No, maybe this is all tied to fundamentals. It's tough to acknowledge, but the evidence is strong. Let's see what next week brings.

Remember the days, just an eyeblink ago, when everyone was watching their screens as oil flirted with $100/b? Now analysts have already begun another threshold-watch, daring to suggest oil could hit $200/b or even $250/b.
Of course, some peak-oil experts have been warning for years of dire consequences if the US fails to open up ANWR or other banned oil-prone areas, develop alternative supplies or ... (fill in the blank with your favorite remedy). But last week's cavalcade of supply jolts has even the experts reeling from the rapid-fire pace.

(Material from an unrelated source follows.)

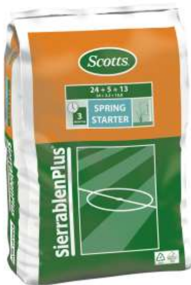
New packaging 2013
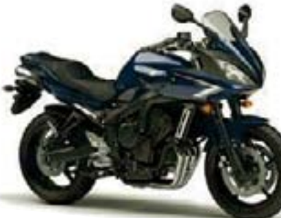
FZ6 Fazer S2/ABS – Ocean Depth (DPBMU)

Consulting industry analyst Philip Verleger, for example, said this week that oil could hit $200/b by year-end, claiming there is "nothing right now in the way of slowing this price rise down." And while Deutsche Bank stresses it is not predicting $250 oil, an April 25 report by the investment bank claims that price represents the hypothetical extreme oil value" based on the history of what it calls the last "super-surge" in prices that occurred from 1970-73 to 1980-83. That 10-year period was one of two major disruptions during the period -- the Arab oil embargo after the Yom Kippur war and the collapse of Iran's oil industry following the fall of the Shah, which drove up WTI by a factor of 10, from $3.50/b to $35/b. Anyone who drove a car during that time, remembers how gasoline prices doubled during the first shock in mid-decade and then doubled again in 1979, both times resulting in scarce supplies and long lines at the pump.
Many analysts, however, still see oil settling back to more comfortable prices in the $80-$100/b range. For instance, Deutsche Bank cites "one of the 'best' econometric models" points to $90-$100/b oil, given oil reserve levels that are "not ... alarmingly low." Weeden & Company analyst Charles Maxwell told Platts last week that the world is currently in a "period of adjustment" of demand as consumers cope with high prices by cutting back on consumption patterns.
"We'll consolidate awhile," he said. "I think we'll come back to about $80/b. It takes time for these decisions to be made."